++++ Data block

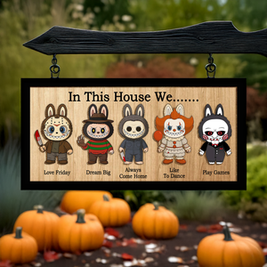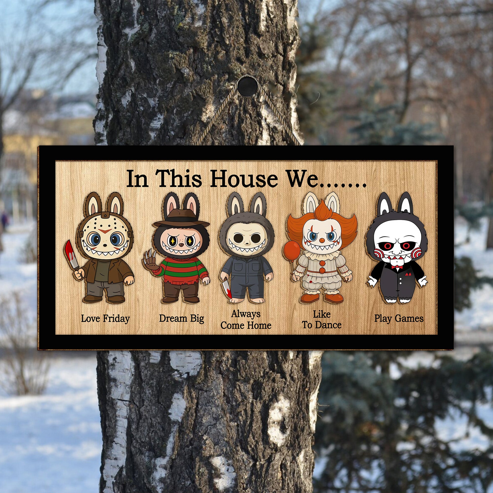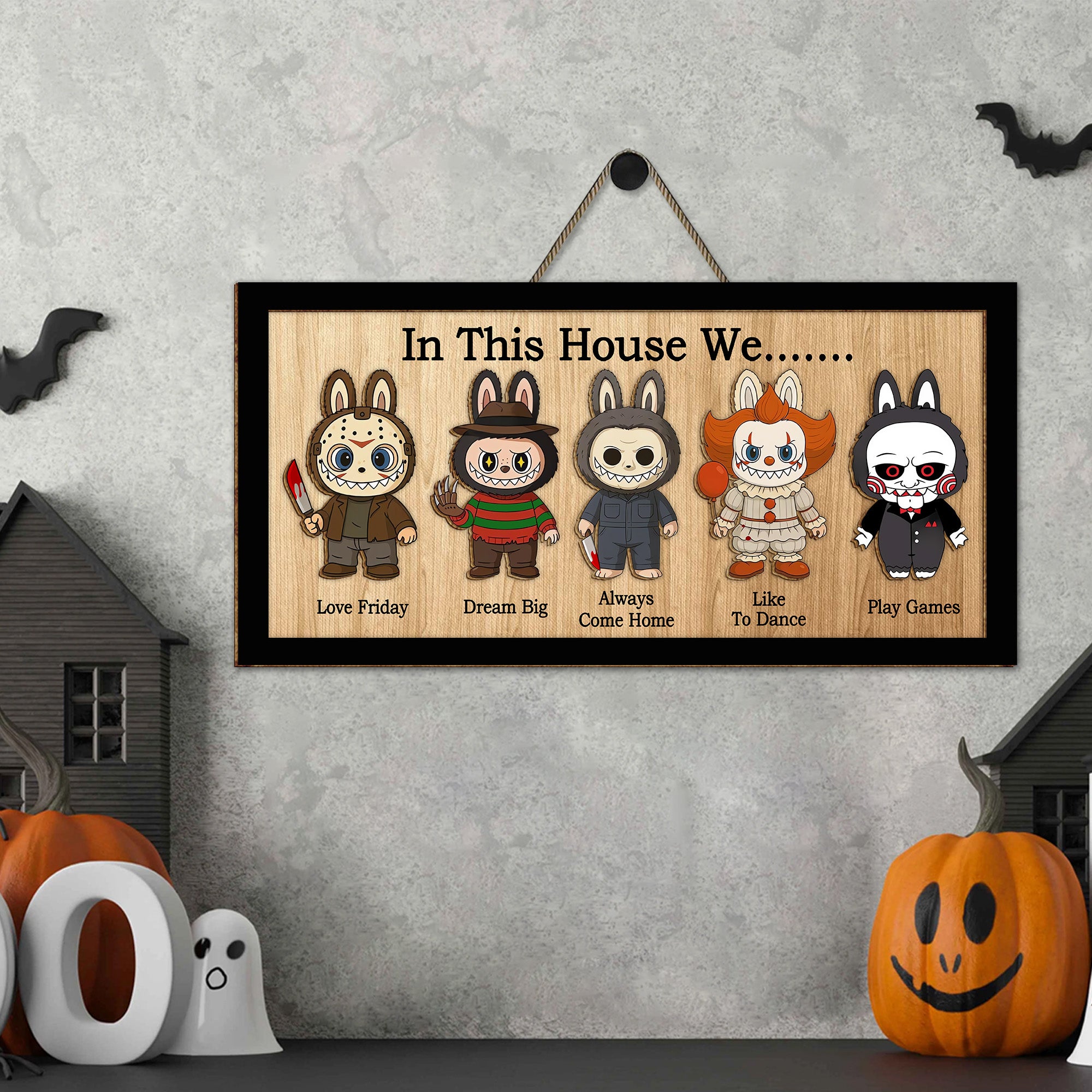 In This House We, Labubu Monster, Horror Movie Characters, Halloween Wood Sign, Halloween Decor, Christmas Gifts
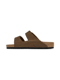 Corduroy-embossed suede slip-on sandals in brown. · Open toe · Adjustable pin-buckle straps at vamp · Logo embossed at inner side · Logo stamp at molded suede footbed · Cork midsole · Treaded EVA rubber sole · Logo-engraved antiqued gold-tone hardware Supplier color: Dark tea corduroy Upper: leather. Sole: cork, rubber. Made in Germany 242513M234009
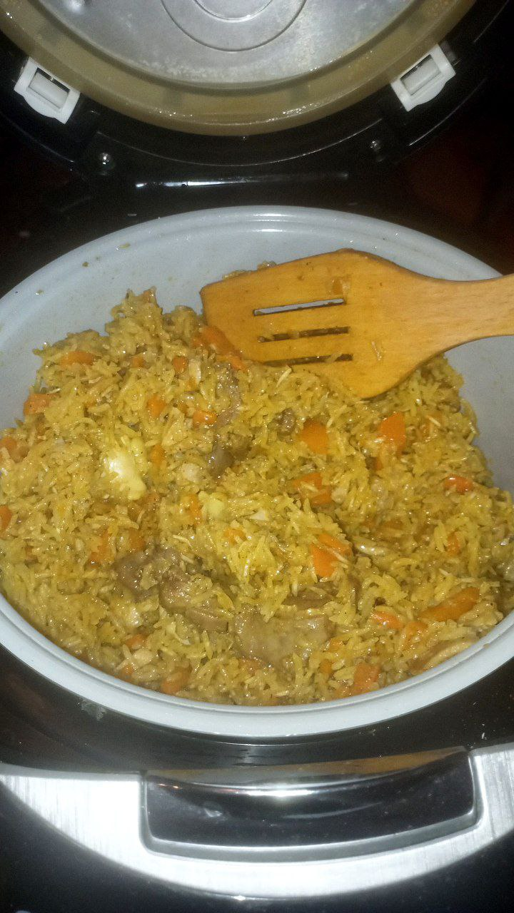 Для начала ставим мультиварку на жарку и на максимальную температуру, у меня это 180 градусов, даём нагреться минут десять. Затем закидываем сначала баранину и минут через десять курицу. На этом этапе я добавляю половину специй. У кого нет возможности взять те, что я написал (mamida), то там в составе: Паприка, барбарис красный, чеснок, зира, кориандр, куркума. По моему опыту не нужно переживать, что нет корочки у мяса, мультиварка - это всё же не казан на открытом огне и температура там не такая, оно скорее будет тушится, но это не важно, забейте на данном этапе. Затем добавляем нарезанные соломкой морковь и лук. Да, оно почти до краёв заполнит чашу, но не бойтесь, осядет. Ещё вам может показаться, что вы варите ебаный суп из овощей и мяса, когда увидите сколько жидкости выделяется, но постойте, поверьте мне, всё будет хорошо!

++++++++

**Exercise instructions**
Please print the material exactly as given above, omitting the pictures.

**Solved problem**
 In This House We, Labubu Monster, Horror Movie Characters, Halloween Wood Sign, Halloween Decor, Christmas Gifts
 Corduroy-embossed suede slip-on sandals in brown. · Open toe · Adjustable pin-buckle straps at vamp · Logo embossed at inner side · Logo stamp at molded suede footbed · Cork midsole · Treaded EVA rubber sole · Logo-engraved antiqued gold-tone hardware Supplier color: Dark tea corduroy Upper: leather. Sole: cork, rubber. Made in Germany 242513M234009
 Для начала ставим мультиварку на жарку и на максимальную температуру, у меня это 180 градусов, даём нагреться минут десять. Затем закидываем сначала баранину и минут через десять курицу. На этом этапе я добавляю половину специй. У кого нет возможности взять те, что я написал (mamida), то там в составе: Паприка, барбарис красный, чеснок, зира, кориандр, куркума. По моему опыту не нужно переживать, что нет корочки у мяса, мультиварка - это всё же не казан на открытом огне и температура там не такая, оно скорее будет тушится, но это не важно, забейте на данном этапе. Затем добавляем нарезанные соломкой морковь и лук. Да, оно почти до краёв заполнит чашу, но не бойтесь, осядет. Ещё вам может показаться, что вы варите ебаный суп из овощей и мяса, когда увидите сколько жидкости выделяется, но постойте, поверьте мне, всё будет хорошо!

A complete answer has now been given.